И что? Шансы Радгара стали гораздо выше – теперь, после победы над фюрдраком. Но им овладела чудовищная усталость. Нет! Пусть себе убивают друг друга, сколько душе угодно, вплоть до последнего таниста. Он распробовал вкус политической жизни и едва остался жив. Одного глотка ему хватит на всю оставшуюся жизнь. Имения, принадлежащие ему по праву, сделают его богачом, так что все, что от него потребуется, – это держаться подальше от неспокойного моря и никогда не ходить на фейринги с западным ветром. И тогда никто даже не попытается затащить его обратно в политику. Он может раздобреть немного и до седых волос почивать на тех лаврах, что снискал этой ночью. Он сможет завести себе наложницу – надо же хоть выяснить, из-за чего столько шума, – а со временем и жениться. Он победил фюрдрака! Здорово, просто здорово. Радгар, Победитель Драконов! Его отцу бы это понравилось. Он настоящий Каттеринг, достойный стать в один ряд со своими предками.

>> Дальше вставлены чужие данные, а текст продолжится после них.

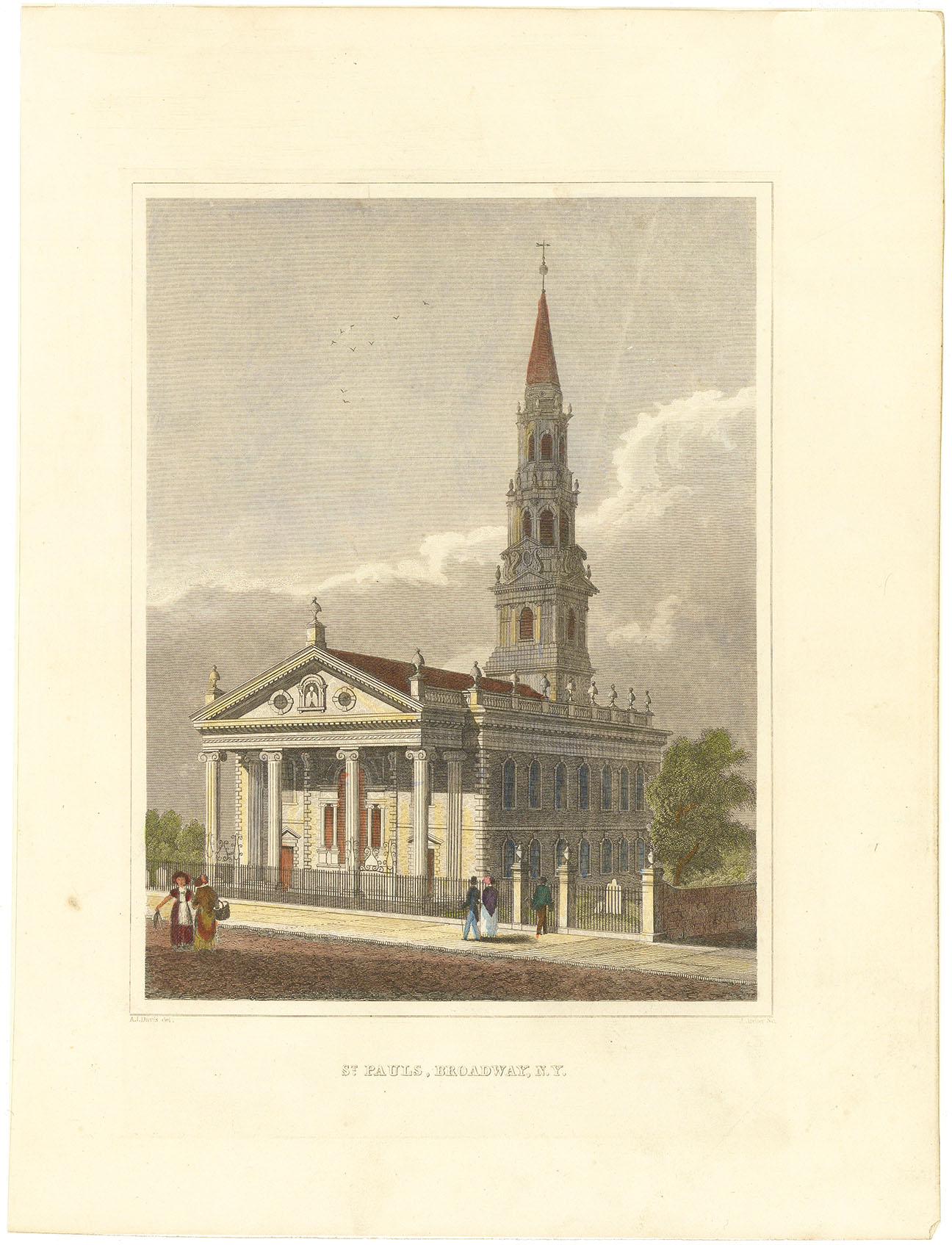 DESCRIPTION: Engraved by J. Archer., this c. 1835 hand-colored print depicts St. Paul's Chapel, a historic chapel building of Trinity Church in New York City.

Впрочем, оставалось еще одно неоконченное дельце. Сюневульф мертв, а Йорик все равно что мертв, но главный злодей, повинный в смерти отца, еще жил и процветал.
– Он хмурится, – произнес голос Леофрика. – Это хороший признак?
Он попытался не реагировать, но рот его сам собой растянулся в улыбке, поэтому он открыл глаза и увидел над собой круг лиц, смотревших на него сверху вниз – рыжие бороды, белые бороды, мужчины и женщины. Он узнал только некоторых из них, ибо видел их темными силуэтами на фоне света, исходящего от подвешенных высоко на восьми столбах ламп. Кто-то слишком расточительно обращается с лампадным маслом! Для пробы он пошевелил несколькими мускулами, и все, похоже, было на своих местах и действовало исправно. Ноги болели. Он попытался заговорить, и ничего не произошло, но тут чьи-то сильные руки приподняли его, и ко рту поднесли кубок. Он шесть раз опустошил его, и первые слова, которые ему удалось произнести, были просьбой еще. Они посадили его, чтобы Эйлвин и еще один мужчина смогли накинуть на него кафтан, одевая, как малое дитя.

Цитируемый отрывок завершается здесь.